Album: Angel Olsen – Big Time review

by Philip Moss

Angel Olsen sets big wheels a-turnin’ as she defines the alt-country hybrid album

‘I wanna go home – go back to small things – I don’t belong here,’ she aches on Go Home. And after the synth-enveloping bombast of 2019’s All Mirrors, it’s a metaphor that rings true throughout this special sixth long player.

Everything about this record feels right – the muted sepia of the album cover; the playfulness of the typography; the press shots that capture Olsen looking and feeling at one – and it comes through in her songwriting. 

The tone is set by All The Good Times – and producer, Jonathan Wilson (Father John Misty, Conor Oberst), captures it perfectly – as the opening notes of moaning organ make way for technicolour guitars lifted straight from George Harrison’s All Things Must Pass. But this is by no means a nostalgic sounding or feeling record. Filled with heart, it’s a defining alt-country hybrid that affirms Olsen as one of the most important songwriters of our times – a record that, if it was released by Bob Dylan or John Prine, would be, and – don’t get me wrong – still should be labelled a modern classic. 

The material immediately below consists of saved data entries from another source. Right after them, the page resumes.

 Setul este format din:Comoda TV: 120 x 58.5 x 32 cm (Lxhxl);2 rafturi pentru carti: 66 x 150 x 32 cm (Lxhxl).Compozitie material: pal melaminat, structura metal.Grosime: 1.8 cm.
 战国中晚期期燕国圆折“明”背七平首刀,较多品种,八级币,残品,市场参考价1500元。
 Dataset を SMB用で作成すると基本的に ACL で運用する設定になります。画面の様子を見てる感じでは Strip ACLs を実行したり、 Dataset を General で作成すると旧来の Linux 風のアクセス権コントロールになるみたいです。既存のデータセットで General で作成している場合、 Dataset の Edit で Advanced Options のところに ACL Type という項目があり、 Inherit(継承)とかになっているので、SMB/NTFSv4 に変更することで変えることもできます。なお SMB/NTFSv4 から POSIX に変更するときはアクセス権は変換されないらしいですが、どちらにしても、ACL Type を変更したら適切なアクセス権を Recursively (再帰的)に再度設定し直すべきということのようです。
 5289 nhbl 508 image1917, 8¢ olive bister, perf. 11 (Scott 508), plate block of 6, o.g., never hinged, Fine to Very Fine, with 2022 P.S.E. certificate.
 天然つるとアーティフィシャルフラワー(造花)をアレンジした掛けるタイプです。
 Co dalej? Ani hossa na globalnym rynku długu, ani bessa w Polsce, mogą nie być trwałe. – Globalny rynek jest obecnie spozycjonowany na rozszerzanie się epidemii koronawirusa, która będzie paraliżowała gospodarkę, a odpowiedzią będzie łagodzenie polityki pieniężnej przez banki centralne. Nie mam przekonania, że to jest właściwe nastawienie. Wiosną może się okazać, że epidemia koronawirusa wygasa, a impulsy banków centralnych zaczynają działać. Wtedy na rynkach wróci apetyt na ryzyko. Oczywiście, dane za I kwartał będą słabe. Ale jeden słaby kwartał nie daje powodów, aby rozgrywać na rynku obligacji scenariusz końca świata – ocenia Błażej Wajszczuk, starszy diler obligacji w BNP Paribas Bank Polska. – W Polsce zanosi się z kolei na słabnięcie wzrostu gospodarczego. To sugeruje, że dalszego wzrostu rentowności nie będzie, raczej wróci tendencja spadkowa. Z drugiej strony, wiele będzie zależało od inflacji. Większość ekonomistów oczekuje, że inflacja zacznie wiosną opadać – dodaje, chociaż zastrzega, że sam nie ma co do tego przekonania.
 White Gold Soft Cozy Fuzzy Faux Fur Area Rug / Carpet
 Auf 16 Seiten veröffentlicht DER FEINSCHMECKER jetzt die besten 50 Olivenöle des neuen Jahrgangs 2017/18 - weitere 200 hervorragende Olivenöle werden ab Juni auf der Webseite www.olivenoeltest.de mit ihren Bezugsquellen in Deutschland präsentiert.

Big Time certainly shifts through the emotional spectrum. The title track’s a rollicking number that sets the big wheels of her current state of happiness a-turnin’, as the chorus builds to, ‘I’m living, I’m loving, I’ve loved long before / I’m loving you big time, I’m loving you more!’  Dream Thing examines the baggage and torment of an old relationship transitioning into the early moments of excitement of a new one. While at the more mournful end, Ghost On also looks to the past – questioning (and over questioning) as to whether a broken heart can ever heart heal, and if it’s part of the human condition to accept the ‘good thing(s)’ that come to us. 

Sometimes you have to take a step off the right path in order to realise what was so perfect about it. On All Mirrors, the North Carolinian stated that other people had their ‘hands in the pot,’ which separated her from the songs. So after what felt like an overt attempt to reach the ‘big time’, Angel Olsen has ironically found it – on a record with that very title – simply by being herself.